Diese ehemaligen Industriestandorte bieten deutliche Vorteile gegenüber Greenfield-Entwicklungen. Sie verfügen bereits über etablierte Netzanschlüsse und bestehende Wasserinfrastruktur, die für die Kühlung unerlässlich sind, was Projektlaufzeiten beschleunigen und regulatorische Hürden reduzieren kann. Wie Lindsay McQuade, EMEA Energy Director bei Amazon, anmerkte, wird erwartet, dass die Genehmigungsverfahren für Rechenzentren an Standorten mit bereits vorhandener signifikanter Infrastruktur schneller voranschreiten. Dieser grundlegende Zugang zu kritischen Ressourcen ist ein starker Anreiz für Technologieunternehmen, die eine schnelle Bereitstellung anstreben.

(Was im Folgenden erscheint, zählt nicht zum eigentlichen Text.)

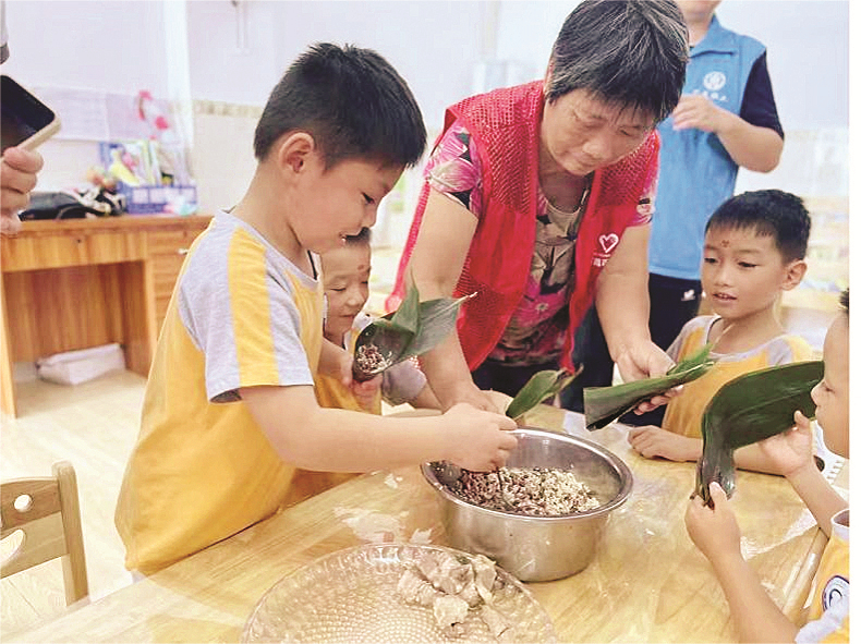 幼兒園小朋友和長(zhǎng)者們一起包粽子,盼世間美好都能接“粽”而至。 惠州日?qǐng)?bào)記者香金群 攝

Wirtschaftliche Notwendigkeiten und Erträge
Die finanziellen Vorteile für Versorgungsunternehmen gehen weit über bloße Grundstücksverkäufe hinaus. Der Kernwert liegt in der Sicherung stabiler, margenstarker Stromlieferverträge. Simon Stanton, Head of Global Partnerships and Transactions bei RWE, betonte, dass es sich hierbei nicht nur um Transaktionen, sondern um langfristige Geschäftsbeziehungen handelt, die dazu beitragen, zukünftige Infrastrukturinvestitionen, insbesondere in erneuerbare Energien, zu de-risken und abzusichern. Der Strombedarf von Rechenzentren reicht von mehreren Hundert Megawatt bis über ein Gigawatt, wobei Technologieunternehmen Berichten zufolge Prämien von bis zu 20 Euro pro Megawattstunde für kohlenstoffarmen Strom zahlen, so Gregory LeBourg, Environmental Program Director beim französischen Rechenzentrumsbetreiber OVH. Diese „grünen Prämien“, zusätzlich zu den Basismarktpreisen, könnten sich laut Berechnungen von Reuters in mehrjährigen Verträgen niederschlagen, deren Wert sich auf Hunderte Millionen oder sogar Milliarden von Euro beläuft.
Dieser innovative Ansatz stimmt strategisch mit Europas umfassenderen Energiewendezielen überein. Angesichts der geplanten Schließung von 153 Stein- und Braunkohlekraftwerken in der gesamten EU und Großbritannien bis 2038 zur Erreichung der Klimaziele, nachdem seit 2005 bereits 190 geschlossen wurden, bietet die Umnutzung dieser Standorte einen nachhaltigen Weg für Industrieflächen. Diese Konvergenz von Infrastruktur für erneuerbare Energien und fortschrittlichen Computeranforderungen stellt ein potenziell transformatives Modell für die Asset-Nutzung dar, das Verbindlichkeiten in wertvolle Knotenpunkte für die digitale Wirtschaft umwandelt und gleichzeitig die Klimaziele vorantreibt.